Offline vs. streaming mismatch: converting parallel inference (via masking) to streaming requires re-implementation due to lookahead windows and memory constraints.
Unnecessary coupling: architecture details become entangled with algorithms, such as pairing AutoregressiveTransformer when architecture and autoregressive modeling are independent choices.

SequenceLayers addresses these with three core features. Each SequenceLayer is:

Streamable: SequenceLayers gives you streaming for free, in a production-friendly way. Every layer implements explicit state and a step method alongside the traditional layer-wise call.
Correct: SequenceLayers is correct by default, making entire classes of bugs impossible. Layer and step methods are tested to produce identical results, and mask-aware Sequence objects track padding throughout.
Composable: An easy-to-understand declarative API enforces these guarantees, enabling sequence models with concise definitions that read like block diagrams.

SequenceLayers has been used to abstract architectural details in:

Classifiers
Contrastive / distance metric learning models.
Regression models.
Probabilistic models (autoregressive models, normalizing flows, diffusion, VAEs, GANs).

across a wide variety of tasks:

Audio / speech classification.
Image classification.
Contextualized word embedding.
Text-to-speech synthesis.
Speech and phoneme recognition.
Speech translation.
Speech vocoding.
Audio tokenization and synthesis.
Real-time music synthesis.
Video understanding.
Language modeling.

Additionally, SequenceLayers is used extensively in production at Google for many streaming applications.
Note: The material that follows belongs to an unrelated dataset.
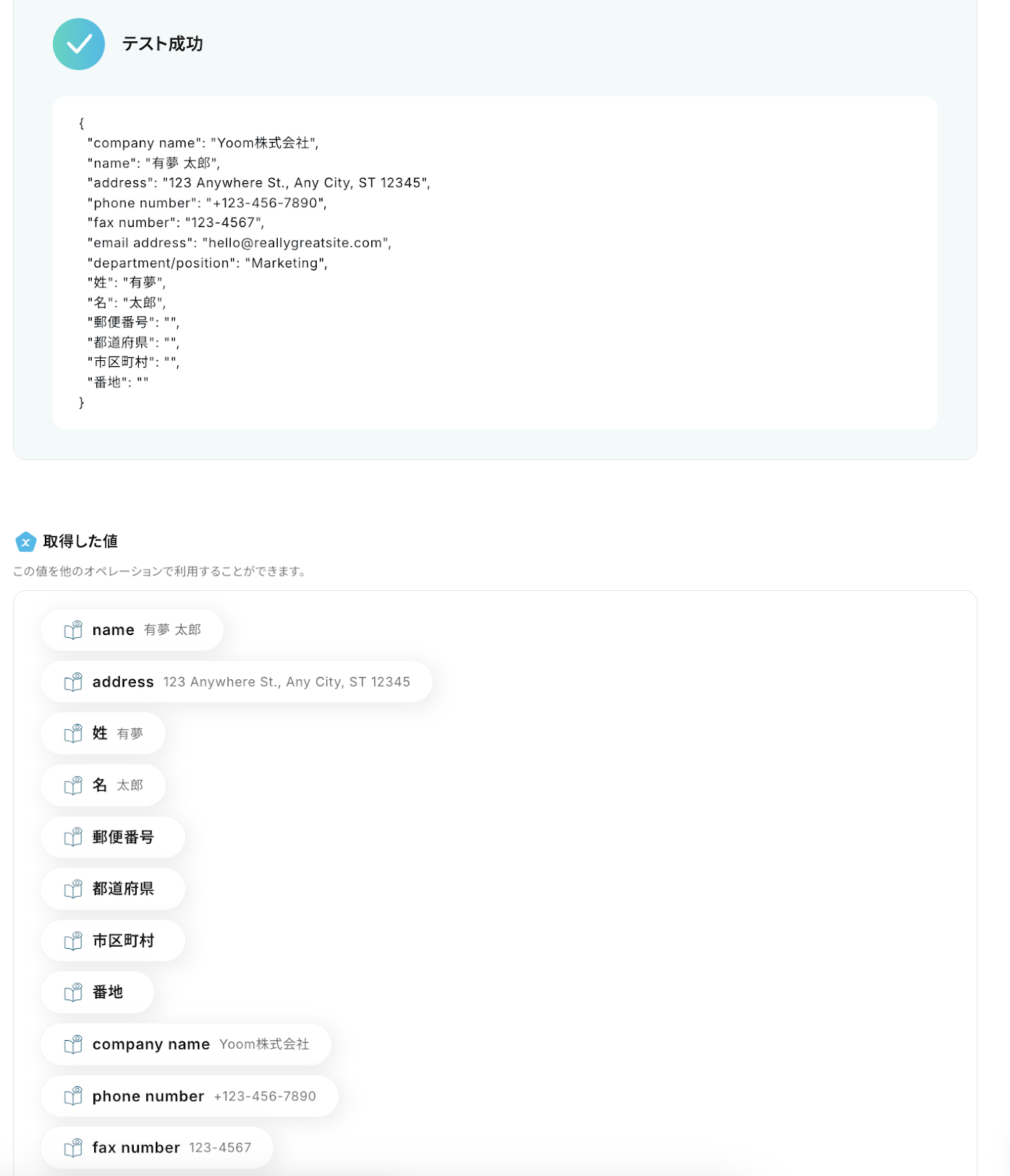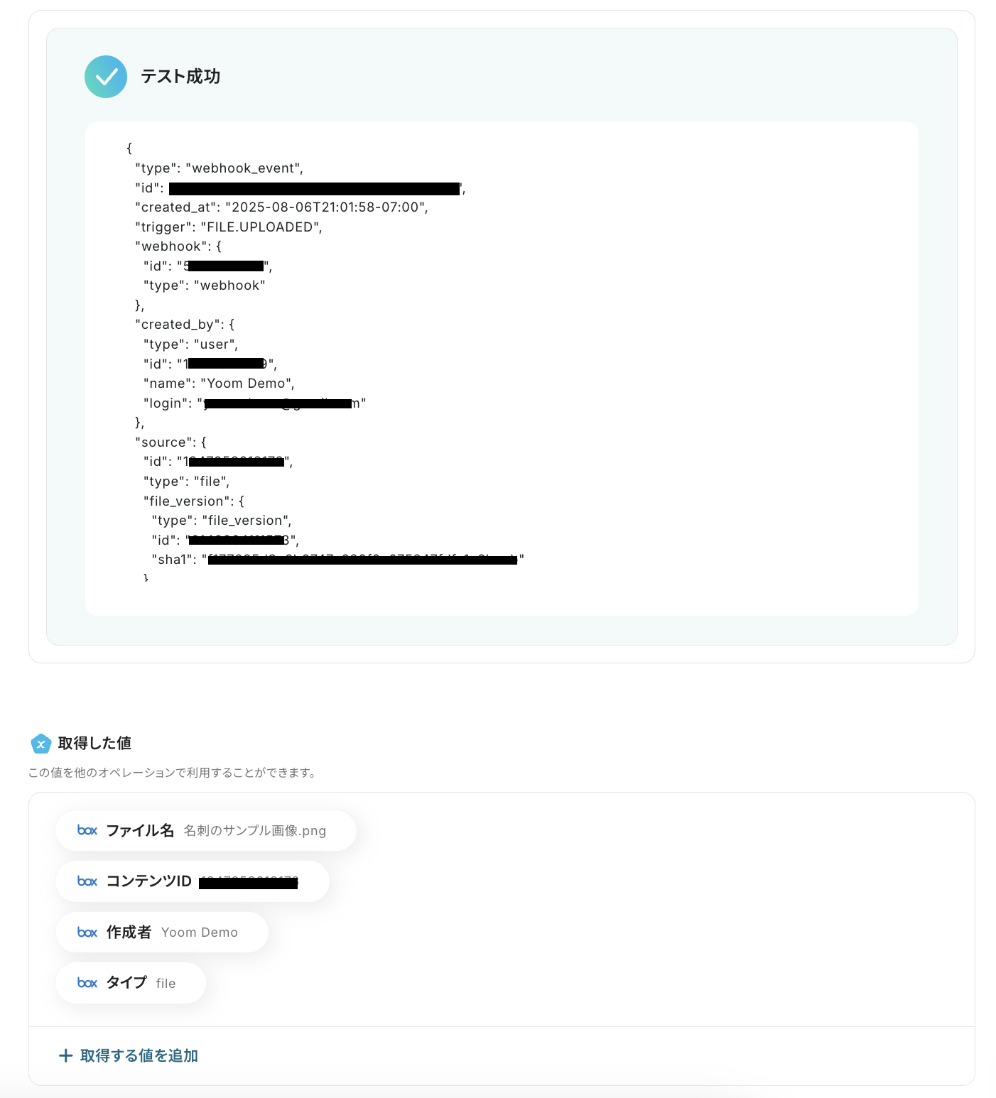 テストが成功すると、先ほどアップロードしたファイルの情報が「取得した値」にアウトプットとして抽出されるので、内容を確認しましょう。

For more detail on the library design and rationale behind the design, see the tech report and the code on GitHub, available under the Apache 2.0 license.

I’m deeply thankful that Google was willing to let me open source this library. My hope is that it serves as a useful example to the community of a simple abstraction that more than pulls its weight when working with neural networks that operate over sequences.